Just look at some of this past week’s headlines.
First, the good news. After a rocky start, health information exchanges (HIEs) appear to be proving their worth. A new study in the Journal of the American Medical Informatics Association found that where clinicians in an emergency department asked for outside patient data from an HIE, they not only received the information faster than by fax or scan and were more likely to read it, but they also were able to capitalize on the information, reducing the length of the ED visit, the likelihood of imaging, the need for admission and even the cost of the treatment. While less than 20 percent of the requests came via the HIE, had all outside information requests been fulfilled in that manner, researchers said the benefits would have increased five-fold. This really demonstrates that health IT and data exchange can improve patient health and reduce the costs of healthcare.
At the same time, the Carequality interoperability network has gone live. After all of the missteps and problems with interoperability--lack of standards, lack of regulatory guidance, etc--a group of EHR vendors, providers and others took it upon themselves to band together to connect their networks. They collaborated to create an interoperability framework and universal principles of trust, such as nondiscrimination against each other and transparency, and it worked. Providers in four states are exchanging information this way, and the initiative is set to expand further. Maybe we don’t need one national network, Congressional mandates and difficult to implement Meaningful Use rules to share information. And information blockers would soon be left out in the cold.
But EHRs--the cornerstones of HIE and interoperability--are still faltering. The systems still can’t adequately support patient safety research, despite their vast repositories of data, a recent study found. The researchers were unable to access some of the data, the data itself was too variable to make automated comparisons and IT personnel had competing priorities, most notably the Meaningful Use program requirements and EHR upgrades. While patient improvement research should be a priority, the researchers stated, it’s not.

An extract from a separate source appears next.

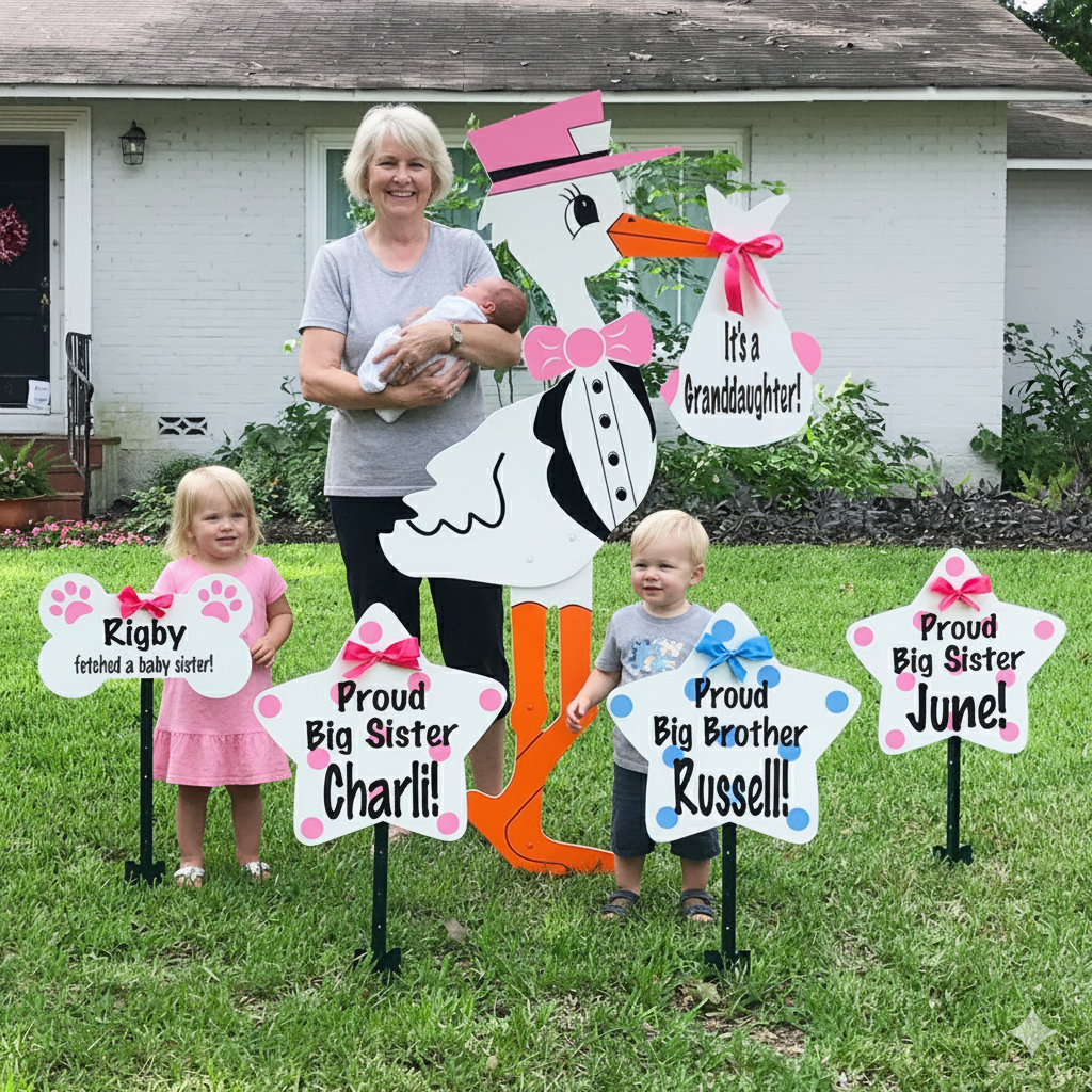 Stork signs aren’t just for birth announcements – they make a beautiful statement at special events like Sip & Sees, Gender Reveals, and Baby Showers too! They’re the perfect way to welcome guests and set the tone for a joyful celebration. Grandparents can also join in the excitement with their own stork sign to proudly announce their new grandbaby. To make it even more special, we offer personalized add-on signs like sibling stars to make big brothers and sisters feel included, and pet signs shaped like bones or cats so furry family members aren’t left out. These keepsake add-ons create lasting memories and make your celebration truly one-of-a-kind.
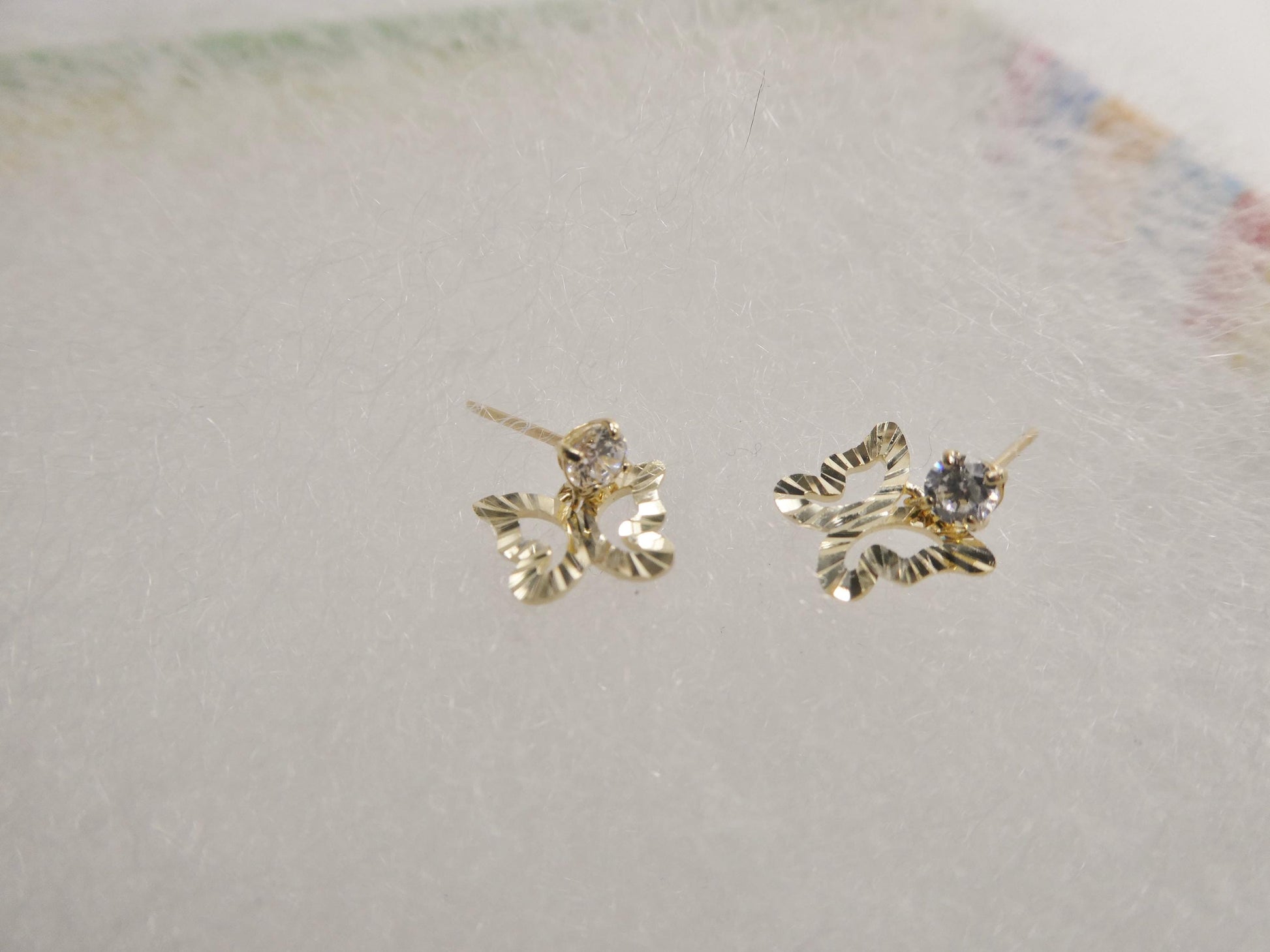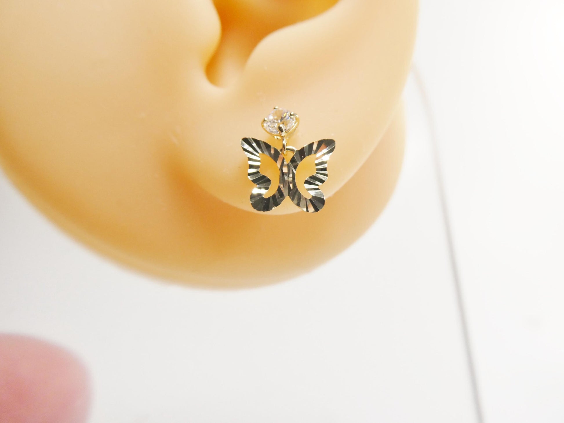 real 10k solid yellow gold design butterfly dangling push post earrings

Then there’s a scathing viewpoint article from doctors at Stanford University School of Medicine and the VA Palo Alto Health Care System in Menlo Park, California lamenting that while physicians are increasingly dependent on EHRs for diagnosis, monitoring and treatment in this ever more complex clinical environment, the software systems don’t support them. EHRs, they said, haven’t kept up with the technology, can’t integrate generalized information about patients at risk, don’t include social and behavioral factors and are overloaded with alerts and workload interruptions.
The authors added that EHRs were built for billing, not treatment, that doctors are “building resentment” against the “shackles” of EHRs and that “every additional click inflicts a nick on physicians’ morale.” Ouch.
I realize that evolution is often nonlinear. But here we are in 2016, and some aspects of EHRs seem stuck. Research issues, physician satisfaction and EHR design and usability concerns are not new problems. Why is interoperability seemingly improving, but not some of these fundamentals? What good is the exchange of data if it’s still unhelpful and hard to read?
What is impeding EHR advancement?
It brings to mind the old adage: the more things change; the more things stay the same.